Abstract

The purpose of this study was to retrospectively evaluate measurements of ventricular function during VAD support in patients (pts) weaned from the device without transplantation. Twenty-two pts in cardiogenic shock, diagnosed with myocarditis (12), cardiomyopathy (7) or both (3), and without previous cardiac operations, were implanted with Thoratec VADs at 14 centers. Thirteen pts (59%) received BiVAD support, 9 (41%) received a LVAD, with 55% of VAD implants performed emergently. VAD duration was 57 ± 46 days. Before VAD removal, 17/18 pts had LVEF by echo >35% with VAD support at reduced levels or turned off. The highest LVEF during VAD support ranged from 32%–70% (mean, 49%).

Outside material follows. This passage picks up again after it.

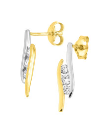 Boucles d'oreilles femme - bicolores - Oxyde de zirconium - Or 9 Carats
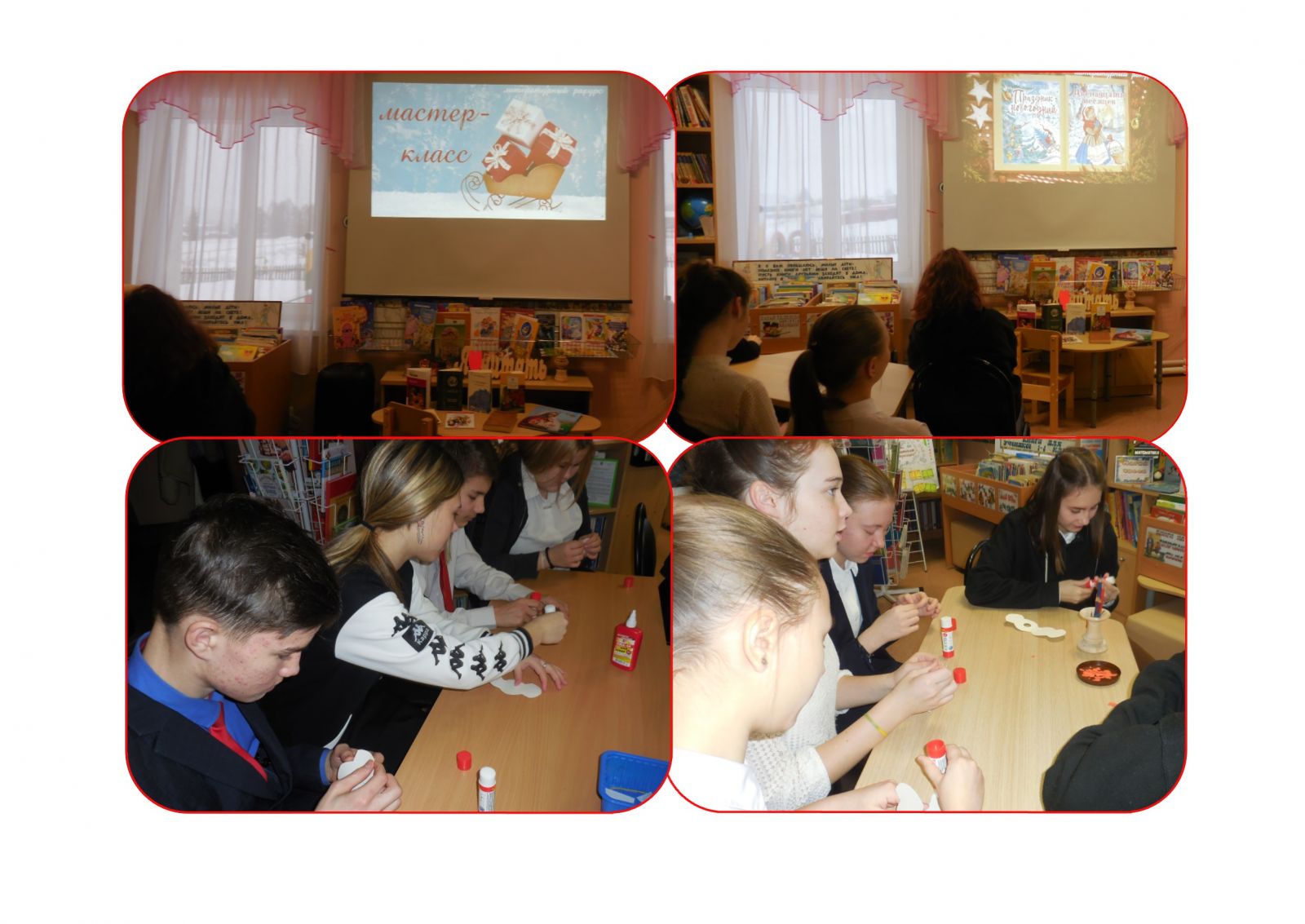 Скоро Новый год! Каждый по-своему любит этот праздник. Приятные хлопоты. Встреча с друзьями. Посиделки за столом. Просмотры новогодних фильмов. Чтение любимой книги. Сельский библиотекарь провела обзор литературы, повествующей о традициях, символах и легендах Нового года, а также создающее новогоднее сказочное настроение. Кроме этого, ученики 1-7 классов смастерили своим родным новогодние открытки с образом деда Мороза – символом добра, счастья, волшебства и исполнения желаний.

LV and RV size were considered normal or mildly enlarged in 15/15 pts and 14/15 pts, respectively. RV function was normal or mildly dysfunctional in 9/13 pts. At VAD explant, two pts were on low dose inotropic support, and renal and hepatic function had normalized in most pts. After VAD removal, 95% (21/22) were discharged alive. Mean follow-up post-explant is 2.2 years (range 0.3–9.8 yrs). Two-year actuarial survival is 80%. Conclusion: Patients demonstrating return of acceptable cardiac function and chamber size during VAD support can avoid transplantation and achieve acceptable long-term survival.